What you are asked to do: Each line below should be written out exactly, with none skipped.

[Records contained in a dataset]
# # # # # # #

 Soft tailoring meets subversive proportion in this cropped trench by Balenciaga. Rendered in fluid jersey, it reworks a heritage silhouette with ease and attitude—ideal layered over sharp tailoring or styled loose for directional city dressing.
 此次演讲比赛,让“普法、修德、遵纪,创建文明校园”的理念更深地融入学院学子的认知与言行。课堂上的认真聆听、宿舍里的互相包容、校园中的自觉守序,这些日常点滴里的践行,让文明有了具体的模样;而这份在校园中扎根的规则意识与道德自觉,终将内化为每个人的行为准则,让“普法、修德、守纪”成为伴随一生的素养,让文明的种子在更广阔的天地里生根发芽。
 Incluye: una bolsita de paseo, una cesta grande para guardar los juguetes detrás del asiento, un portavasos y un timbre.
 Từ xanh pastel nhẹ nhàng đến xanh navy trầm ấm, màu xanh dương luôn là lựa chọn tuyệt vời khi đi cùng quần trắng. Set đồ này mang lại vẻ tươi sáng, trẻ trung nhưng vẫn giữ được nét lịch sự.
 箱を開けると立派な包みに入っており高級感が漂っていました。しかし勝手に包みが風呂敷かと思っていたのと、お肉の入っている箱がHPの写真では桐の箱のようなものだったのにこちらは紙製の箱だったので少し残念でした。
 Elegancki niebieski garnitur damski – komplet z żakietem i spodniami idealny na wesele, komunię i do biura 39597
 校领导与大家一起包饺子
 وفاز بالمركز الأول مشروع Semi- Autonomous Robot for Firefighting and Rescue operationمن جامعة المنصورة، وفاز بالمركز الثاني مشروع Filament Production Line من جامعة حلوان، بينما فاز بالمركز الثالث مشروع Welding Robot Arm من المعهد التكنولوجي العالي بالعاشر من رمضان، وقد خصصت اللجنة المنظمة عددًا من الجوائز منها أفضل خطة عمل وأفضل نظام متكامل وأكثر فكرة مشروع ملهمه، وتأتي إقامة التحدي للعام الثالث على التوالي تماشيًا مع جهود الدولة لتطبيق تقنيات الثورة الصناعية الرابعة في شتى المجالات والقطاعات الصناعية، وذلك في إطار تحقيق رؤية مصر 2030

# # # # # # #

Your response:
 Soft tailoring meets subversive proportion in this cropped trench by Balenciaga. Rendered in fluid jersey, it reworks a heritage silhouette with ease and attitude—ideal layered over sharp tailoring or styled loose for directional city dressing.
 此次演讲比赛,让“普法、修德、遵纪,创建文明校园”的理念更深地融入学院学子的认知与言行。课堂上的认真聆听、宿舍里的互相包容、校园中的自觉守序,这些日常点滴里的践行,让文明有了具体的模样;而这份在校园中扎根的规则意识与道德自觉,终将内化为每个人的行为准则,让“普法、修德、守纪”成为伴随一生的素养,让文明的种子在更广阔的天地里生根发芽。
 Incluye: una bolsita de paseo, una cesta grande para guardar los juguetes detrás del asiento, un portavasos y un timbre.
 Từ xanh pastel nhẹ nhàng đến xanh navy trầm ấm, màu xanh dương luôn là lựa chọn tuyệt vời khi đi cùng quần trắng. Set đồ này mang lại vẻ tươi sáng, trẻ trung nhưng vẫn giữ được nét lịch sự.
 箱を開けると立派な包みに入っており高級感が漂っていました。しかし勝手に包みが風呂敷かと思っていたのと、お肉の入っている箱がHPの写真では桐の箱のようなものだったのにこちらは紙製の箱だったので少し残念でした。
 Elegancki niebieski garnitur damski – komplet z żakietem i spodniami idealny na wesele, komunię i do biura 39597
 校领导与大家一起包饺子
 وفاز بالمركز الأول مشروع Semi- Autonomous Robot for Firefighting and Rescue operationمن جامعة المنصورة، وفاز بالمركز الثاني مشروع Filament Production Line من جامعة حلوان، بينما فاز بالمركز الثالث مشروع Welding Robot Arm من المعهد التكنولوجي العالي بالعاشر من رمضان، وقد خصصت اللجنة المنظمة عددًا من الجوائز منها أفضل خطة عمل وأفضل نظام متكامل وأكثر فكرة مشروع ملهمه، وتأتي إقامة التحدي للعام الثالث على التوالي تماشيًا مع جهود الدولة لتطبيق تقنيات الثورة الصناعية الرابعة في شتى المجالات والقطاعات الصناعية، وذلك في إطار تحقيق رؤية مصر 2030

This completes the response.